Sa sortie en 2019 sonne d’ailleurs comme un bilan de son nouveau cinéma, une décennie de numérique qui débute avec Valhalla Rising en 2010. On retrouve dans cette plongée infernale tous les personnages et thèmes de ses quatre derniers films. Le héros incarné par Miles Teller ressemble à une version désabusée (mi-psychopathe, mi-justicier) du driver de Drive (2011). La grande prêtresse de la mort, Yaritza, serait le penchant féminin du policier déifié de Only God Forgives (2013). De même que son époux, Jesus, est sans conteste l’incarnation de Julian dans le même film, playboy impuissant et soumis à son complexe d’Oedipe. Couple par ailleurs représentatif du questionnement de The Neon Demon (2016) sur la superficialité des apparences (l’épisode 6 appuyant sur cette image publicitaire). Et enfin pour ne citer que les personnages principaux, Viggo semble une transposition actuelle du One-eye de Valhalla Rising (il est borgne comme ce dernier), reprenant le thème du guerrier solitaire ; ici guidé par Diana (Jena Malone, déjà présente dans son film précédent), première apparition d’un gourou dans la filmographie de NWR.

Se défaire des apparences

Tous ces éléments repris ne sont cependant pas clairement déterminés, chacun de ces personnages cités rappellent d’anciennes figures mais possèdent leur propre individualité et parcours. De même, Winding Refn ne se répète pas (quoi qu’en dise les détracteurs) mais pousse son univers encore plus loin. Son style devient dans les premiers épisodes bien plus épuré tout en se renouvelant, tout y est plus lent (l’intérêt ici du format sériel) et le héros est de moins en moins enclin à prendre des décisions, plus encore qu’avant il subit le monde qui l’entoure. Le réalisateur n’a pas seulement adapté son univers sur une durée bien plus longue, mais a complètement réinventé son cinéma, se permettant des audaces qui rompraient le rythme d’un long métrage. Il y incorpore notamment de l’humour, un peu bancal lorsqu’il en fait une pure comédie, mais redoutable quand il emploie l’absurde, reflétant alors le non-sens de ce monde. Deux scènes en sont le parfait exemple, tout d’abord la rencontre entre Martin et Theo (son beau-père) dans le tout premier épisode, ce dernier se lançant dans une imitation animalière aussi drôle que dérangeante. Puis l’ouverture de l’épisode 8 avec une pièce de théâtre jouée dans le commissariat, une mise en scène grotesque témoignant la démence contradictoire des forces de l’ordre.

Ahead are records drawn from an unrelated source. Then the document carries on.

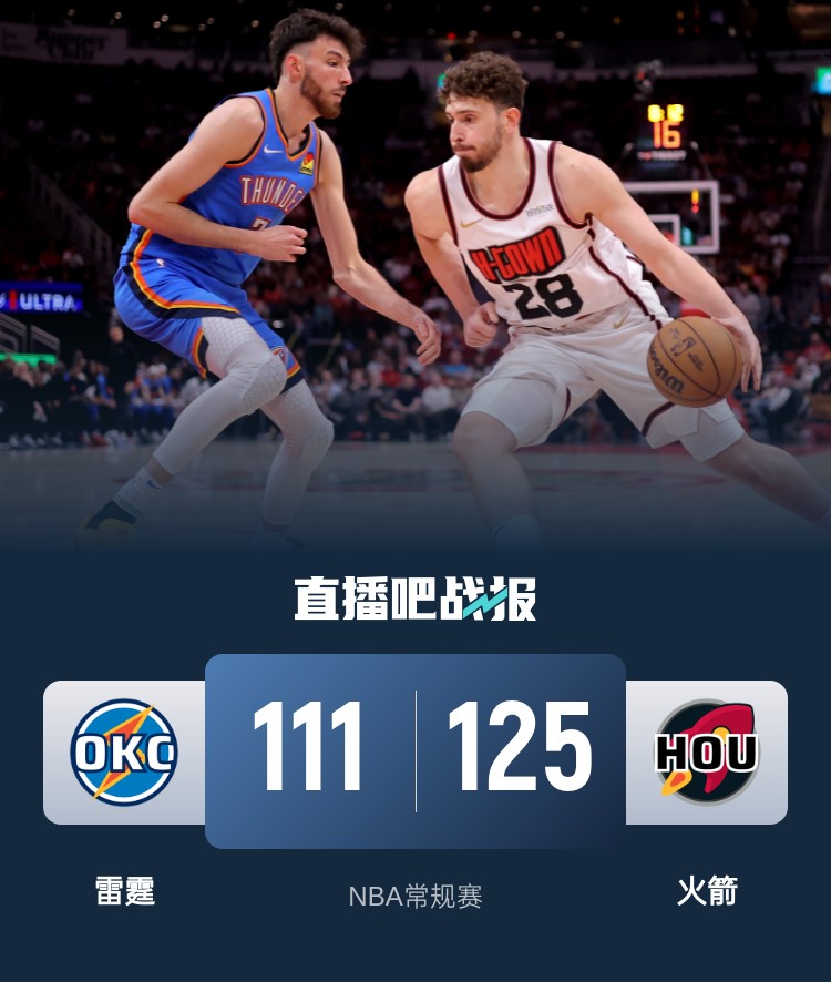 比赛开始,双方开场势均力敌,比分始终紧咬,杰伦-格林连投带罚带队取得两位数优势,次节双方继续缠斗,火箭突然发力轰出14-0的进攻高潮将分差拉开到20分,雷霆连中4记三分止住颓势,半场战罢火箭69-53领先雷霆。易边再战,火箭重获20分领先,但雷霆内外开花完成10-2的攻击波迅速迫近比分,泰特成为奇兵连中三分稳住局势,亚历山大挺身而出内外开花连续拿分缩小分差,末节双方围绕10分分差展开激烈争夺,杰伦-格林连续拿分保持优势,申京劈扣一锤定音。最终,火箭125-111力克雷霆,终结了对手的11连胜。
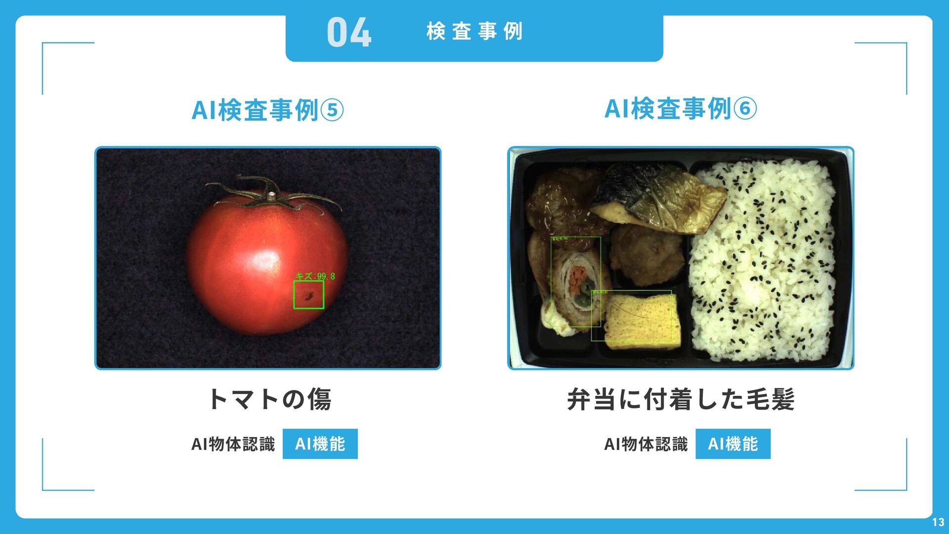 トマトの傷 弁当に付着した毛髪 検 査 事 例 AI検査事例⑤ AI検査事例⑥ 04 AI物体認識
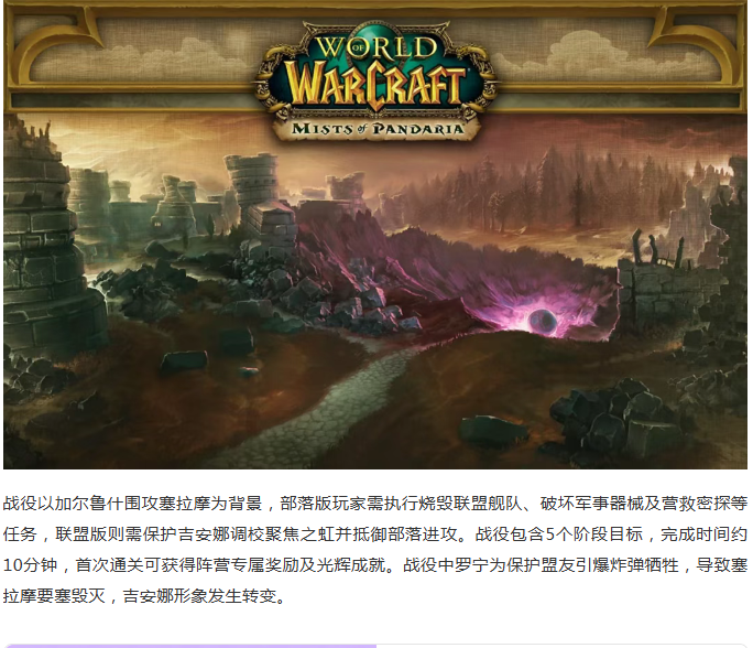 熊猫人之谜的剧情一开始是阵营对抗,暴雪在这里引入了限时事件——塞拉摩的沦陷。这也是魔兽世界历史上第一个场景战役。
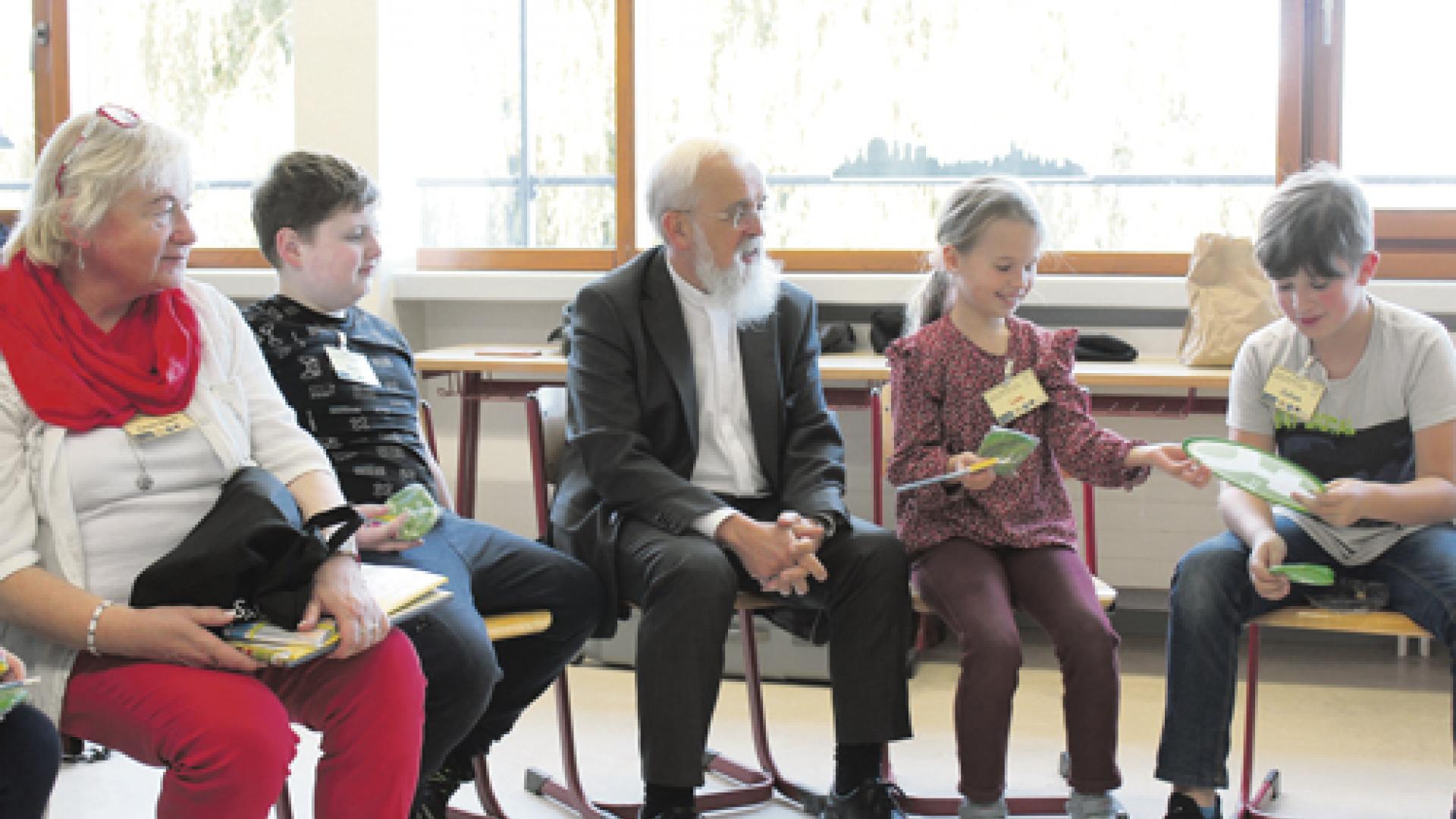 „Was ist denn ein Bischof?“, fragt Lehrerin Carola Ebert die Schülerinnen und Schüler. Denn die dritten und vierten Klassen der Grundschule am Stadtsee in Stendal bekamen an diesem Tag Besuch: Bischof Gerhard Feige und Landesbischof Friedrich Kramer von der Evangelischen Kirche in Mitteldeutschland (EKM) besuchten gemeinsam mit Sachsen-Anhalts Bildungsministerin Eva Feußner (CDU) die Stendaler Schule. Sie wollten sich vor Ort über die Situation des Religionsunterrichts im Land informieren.
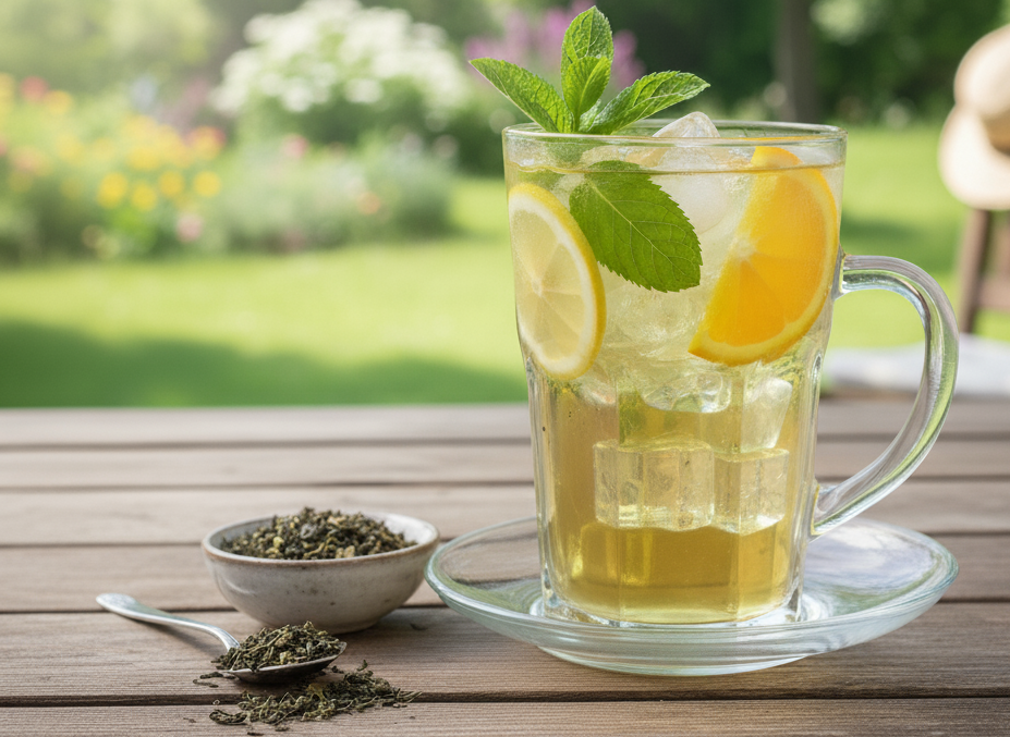 Заваріть зелений чай гарячою водою (80°C) 3–4 хвилини. Додайте м’яту, лимон і апельсин. Для холодного варіанту - додайте лід перед подачею.
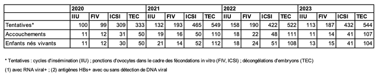 En 2023, 197 enfants sont nés après une AMP réalisée en contexte viral (tous virus confondus VIH, VHB et VHC).

Dans ce microcosme fait d’incapables, la seule solution est de devenir un justicier ; seul danger pour Martin, un passif de flic corrompu et hors-la-loi. Le film dresse une opposition entre l’acceptation de soi et les choix que l’on fait. Là ou Martin, comme nous l’avons vu, est bloqué, obligé d’être soumis à son incapacité à contrôler l’univers, Jesus, membre du cartel guidé par la vengeance, est celui qui prend toutes les décisions et fait avancer l’histoire jusqu’à la fin (prendre le pouvoir pour arriver au sommet), le héros au sens classique du terme. Mais derrière son visage de mannequin (il est tout aussi sexualisé que sa femme) et son apparente assurance, il est lui aussi soumis non pas au monde qui l’entoure mais à lui-même, son complexe d’Œdipe qui le rend impuissant et détruit sa virilité superficielle, mettant alors ses traumas à nu, un autre thème récurrent de NWR. Des parallèles magnifiques entre ces deux facettes sont faits tout au long de l’épisode 8 (climax narratif de Jesus et Martin), mais le réalisateur, enfonçant le clou après The Neon Demon nous montre que les apparences triomphent sur la sensibilité intérieure des êtres humains, les victorieux sont faux. Et pour en revenir à Martin et son impuissance sociale (comme Ryan Gosling dans Drive et OGF il semble presque autiste), l’acceptation de ses pulsions meurtrières et de son manque d’empathie en font un personnage bien plus en accord avec lui-même, comme si le driver de 2011 était enfin en paix avec ses émotions contradictoires.

Démystifier la violence

NWR aime la plupart de ses personnages, il les magnifie, leur offrant à tous une heure de gloire, une possibilité d’émerveiller le spectateur. Sa véritable haine et violence intérieure va envers le monde en déliquescence qui l’entoure, un Los Angeles (et par extension un état américain) mortifère, peuplé de tueurs, de violeurs et de pédophiles. Si Martin prend un moment ce rôle de justicier, dans un épisode 5 aussi amusant que glauque, il revient principalement à Viggo, ermite malade, celui qui n’a rien à perdre et peut donc se salir les mains. Il est la version humaine du sauveur, tandis que son ersatz divin, Yaritza, est né dans le désert et vient nettoyer cette ville, elle incarne une dernière lueur d’espoir pourtant destructrice dans cette apocalypse. Si la violence inhérente au cinéma de Refn a toujours été depuis dix ans sublimée et cathartique, ici, pour la première fois depuis la trilogie Pusher, elle redevient terrifiante et soudaine. En témoigne la fin de l’épisode 8, sommet de brutalité de cette œuvre et meurtre le plus émotionnellement impactant de l’œuvre de NWR, détruisant toute possibilité de rédemption pacifiste du monde, point de non retour vers la sauvagerie.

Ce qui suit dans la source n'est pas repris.